Font attributes are cascaded down the view hierarchy but only instances
of <text>
have access to their font attributes at runtime. Text views will have the
font
, fontsize
, and fontstyle
attributes.
You can look up the actual LzFont that is represented by a given
font
and fontstyle
via the LzFontManager.
If you need to know the font attribute associated with a view that is not a text instance, the simplest way is to get the
font attributes from a sibling view. If no such view exists, you can create an invisible text view.
SWF only: The features described in this section only work in applications compiled to SWF. They do not work in applications compiled to other runtimes.
Embedded fonts (in applications compiled to SWF) increase the size the size of the application.
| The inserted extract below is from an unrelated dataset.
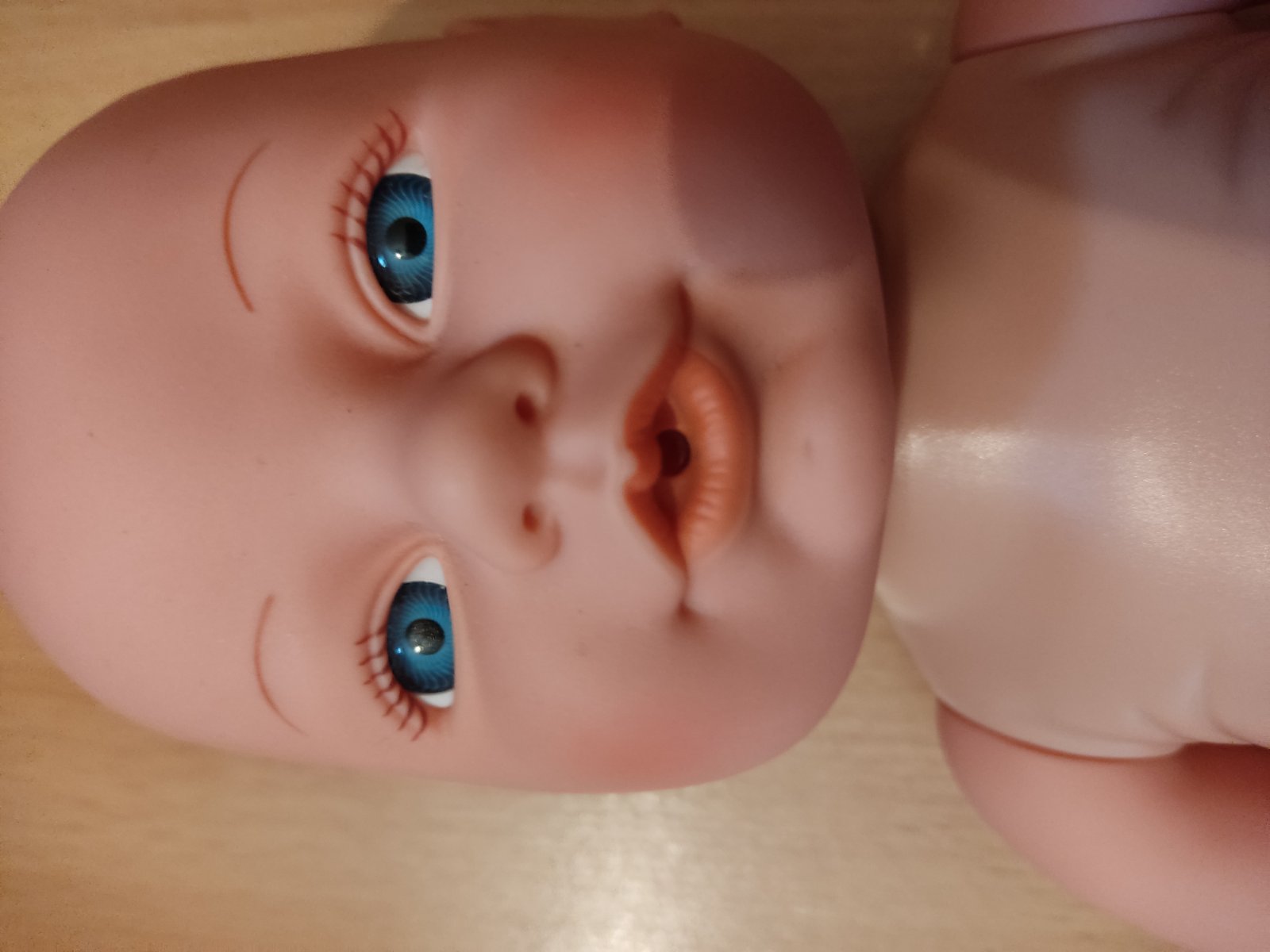 Mám aj nočník aj fľašu na pitie, pije vodu a keď sa stlačí gombík , tak ozajstné ciká. Má aj cumlík. Ako nová, málo hraná

When deciding what embedded fonts to use, you may need to take into account how fonts affect the size, hence download time, of your application. Here are some heuristics to help you with file size/download calculus. -
The larger the font, the larger the application. The size
of the font can be estimated by looking at the file size of the .ttf
file.
Fonts with more complicated shape outlines will be larger.
Fonts with more character codes in them will be larger. One size optimization technique is to use a version of the font file that has only the characters in it that your application uses.